→ **Recorded data**:
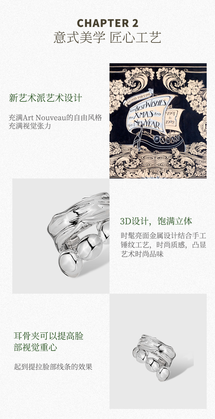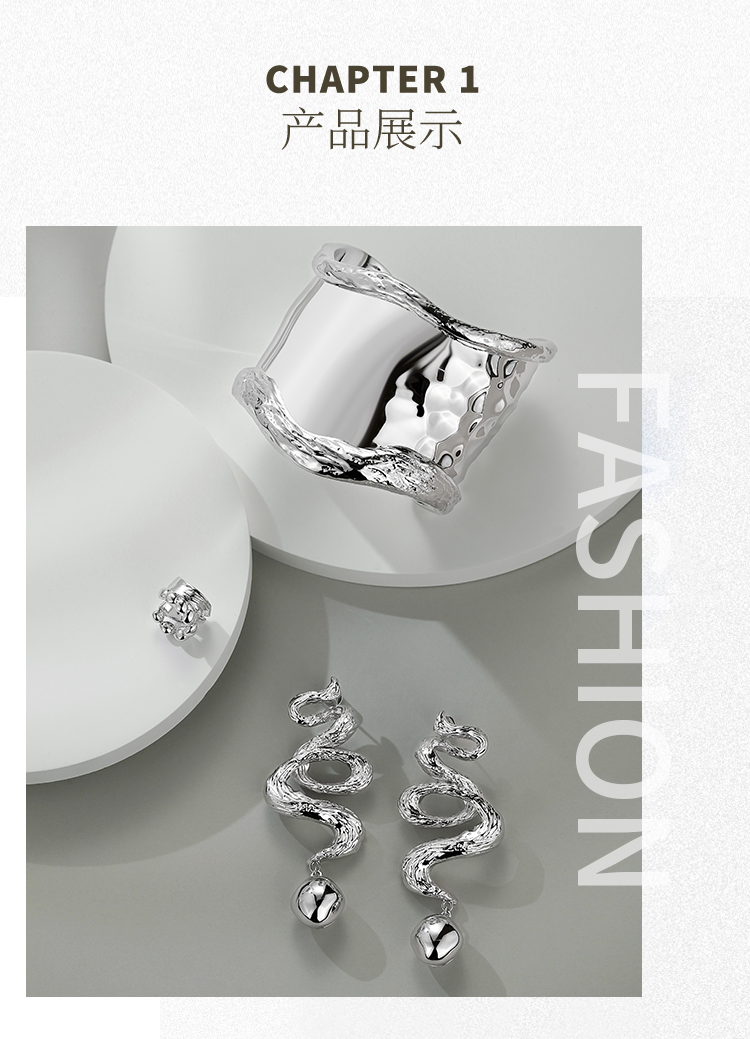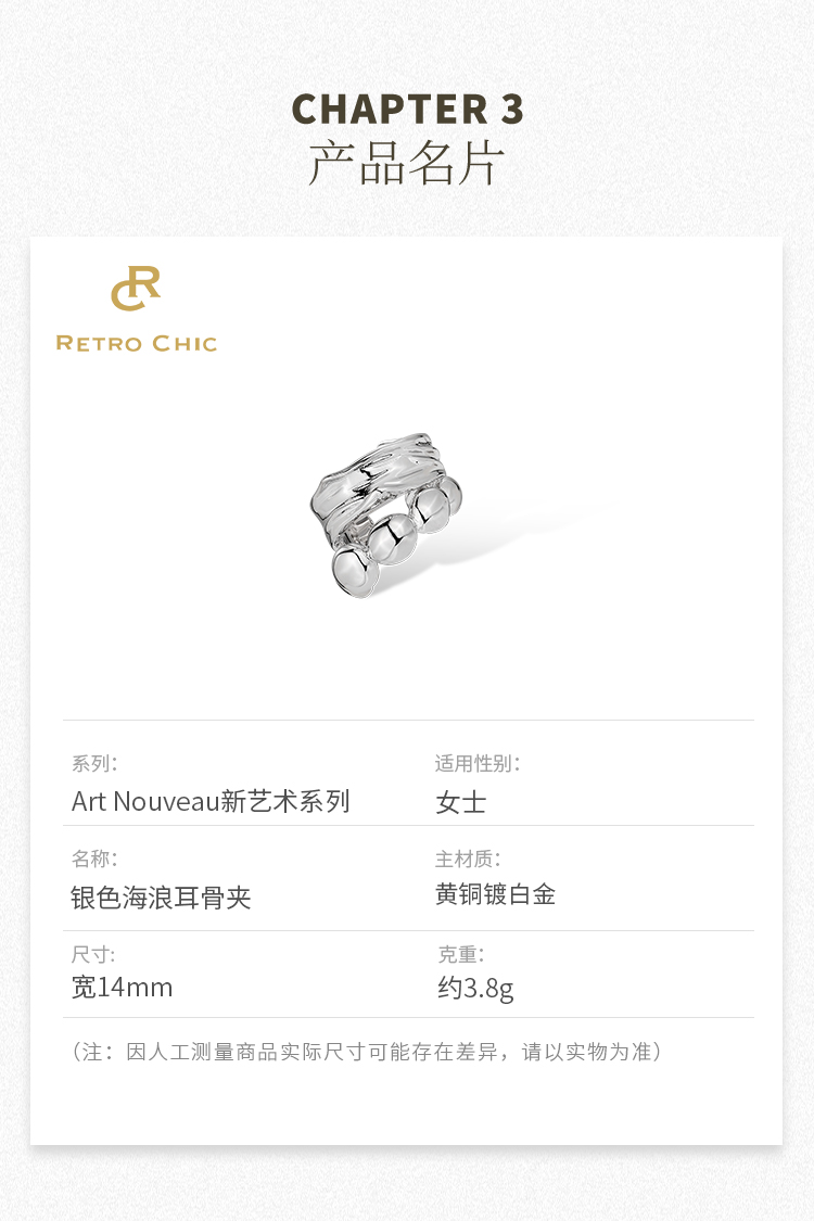 Mordern Art 现代艺术时期 | 银色海浪耳骨夹(1对)
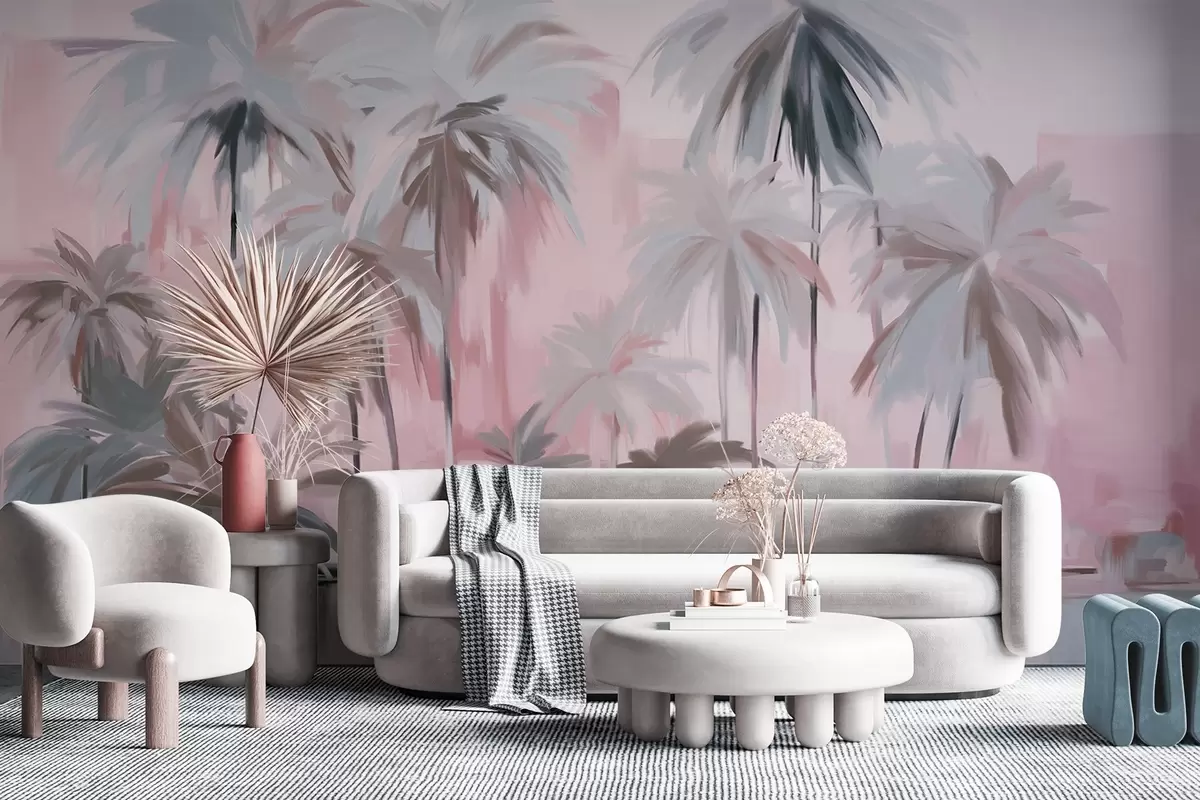 Fototapeta Abstrakcyjne minimalistyczne pastelowe palmy tropikalne na tle stonowanych odcieni różu i szarości Nr w09212v1
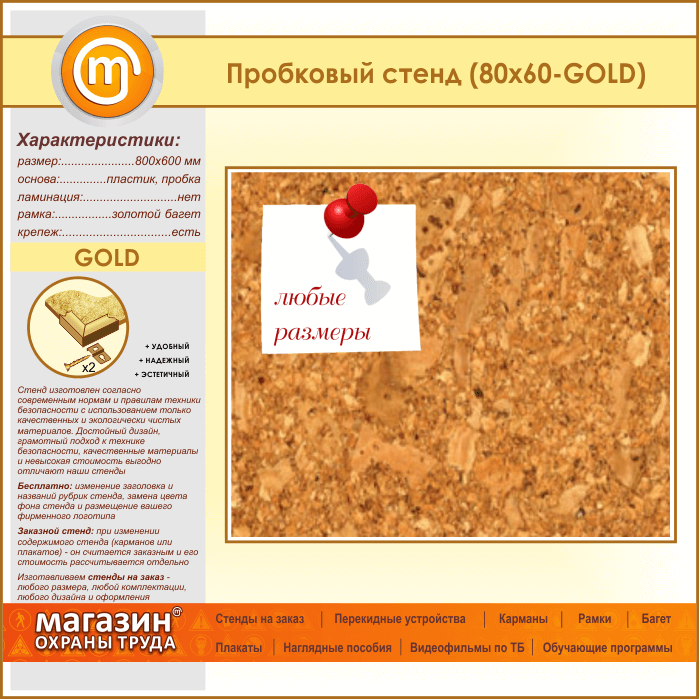 Пробковая доска, 80х60 см (IN-05-GOLD) в Альметьевске купить

→ **Your instructions**: What is needed is the whole listing again, set down exactly, without its pictures.

→ **Output of the task**:
 Mordern Art 现代艺术时期 | 银色海浪耳骨夹(1对)
 Fototapeta Abstrakcyjne minimalistyczne pastelowe palmy tropikalne na tle stonowanych odcieni różu i szarości Nr w09212v1
 Пробковая доска, 80х60 см (IN-05-GOLD) в Альметьевске купить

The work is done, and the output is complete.